Plot of BIC values over the number of groups calculated from the transcriptomic data. A C. sativus; B B. cinerea

Fig. 2
figure2

Differentiation patterns of genes from distinct groups. A There are 17 groups expressed in c. sativusB there are 12 groups expressed in B. cinerea. In each group, the mean expression curve is indicated by a thick line over expressions curves of individual genes (thin lines)

Fig. 3
figure3

Relative differences among gene expression curves of different groups expressed in A C. sativus and B B. cinerea

Plasticity expression pattern

Of these 17 groups in C. sativus, gene expression levels from groups 1, 2, 3, 4, 7, 8, 9, 12, 13, 15, 17 (accounting for nearly 42.5% of genes) were clearly up-regulated after B. cinerea infection. Nearly 50% of genes (groups 6, 10, 11, 14, 16) were clearly down-regulated and gene expression levels from group 5 (about 9.4%) tended to be slightly down-regulated. In group 7, the most significantly enriched GO term responded to “oxidative stress” (GO:0006979), indicating that the plant reacted to pathogen infection. GO term “cell wall” (GO:0005618) was significantly enriched in group 11 and term “photosystem” was significantly enriched in group 14. In B. cinerea, of these 12 groups, only the mean expression values of group 2 (about 18.4%) were clearly down-regulated after infecting C. sativus. Approximately 40.15% of genes from groups 3, 4, 5, 9 were slightly down-regulated. Genes in other groups are up-regulated after infecting C. sativus. Hypothesis tests were performed to examine whether each cluster of genes expressed significantly differently between the two treatments and determined whether a particular pair of gene groups interacted with the environment. Plasticity gene expression was statistically significant (P < 0.05). This indicated that DEGs tended to obvious changes in response to B. cinerea infection. All pairs of gene clusters displayed significant gene-environment interactions (P < 0.05).

Gene regulatory network

The core-periphery structure is a vital feature of many biological networks, including protein-protein interaction networks as well as gene regulatory and metabolic networks (Csermely et al. 2013). In this study, we constructed networks of genes that interacted with each other to screen hub genes based on a directed graphical model known as Bayesian networks. Through a detailed GO analysis, we detected hub genes which were biologically meaningful.

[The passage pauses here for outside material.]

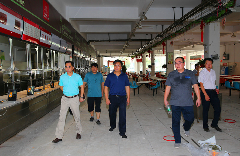8月9日,谭益民率副校长王利华、李可兴及办公室、基建、后勤、资产、财务、审计等部门负责同志,深入各项目建设现场,看望慰问工人,查看工程进展,并随即召开现场办公会,就施工过程中的一切难点问题与新情况进行现场解决。他强调,各部门要同心协力、攻坚克难,按时推进各施工项目的维修改造与建设进度,完善相关设施配置,确保新学期为学生提供更加优质的后勤保障服务,做到让学生满意、让家长放心。

For example,the gene regulatory network of group 7 in C. sativus was shown in Fig. 4A. All the 116 genes were displayed in green (Additional file 5: Table S5), in which two in red were No. 63 (Csa5G285030, Proteinase inhibitor) and 73 (Csa1G265640, Uncharacterized protein). They were two hub genes detected by the Bayesian networks. Csa5G285030 was enriched in “response to wounding” (GO:0009611), which might be involved in response to stress such as wounding and pathogens. Group 12 contained 149 genes in the network (Additional file 5: Table S5), in which No. 29 (Csa2G075440) was screened as a hub gene. Csa2G075440 was annotated as “disease resistance protein RPS2” in KEGG orthology and enriched in the pathway of “plant–pathogen interaction” (Bent et al. 1994). In B. cinerea, the mean expression values of group 10 were clearly up-regulated after infecting C. sativus. There were 15 genes in this group, in which No. 4 (B0510_3699) was identified as one of the hub genes (Fig. 4B). The gene probably encodes 1,4-beta-d-glucan cellobiohydrolase which participates in regulating the hydrolase activity or hydrolyzing O-glycosyl compounds (GO:0004553) for pathogens to invade plant cells or exploit the polysaccharides of plant cell walls (Additional file 6: Table S6) (Kong et al. 2015).

Fig. 4
figure4

The gene regulatory network by Bayesian networks in A group 7 of C. sativus and B group 10 of B. cinerea

Discussion

Plant–pathogen interactions are a topic of scientific interest. With the advent of deep-sequencing-based transcriptome sequencing, the expression levels of transcripts can be precisely measured in any tissue (Wang et al. 2009). Pathogen gene expression programs in answer to the host environment and host gene expression in response to pathogens can be monitored more easily by this method. It is crucial to measure the dynamic behavior of gene expression for interpreting the genetic mechanisms of host–pathogen interactions.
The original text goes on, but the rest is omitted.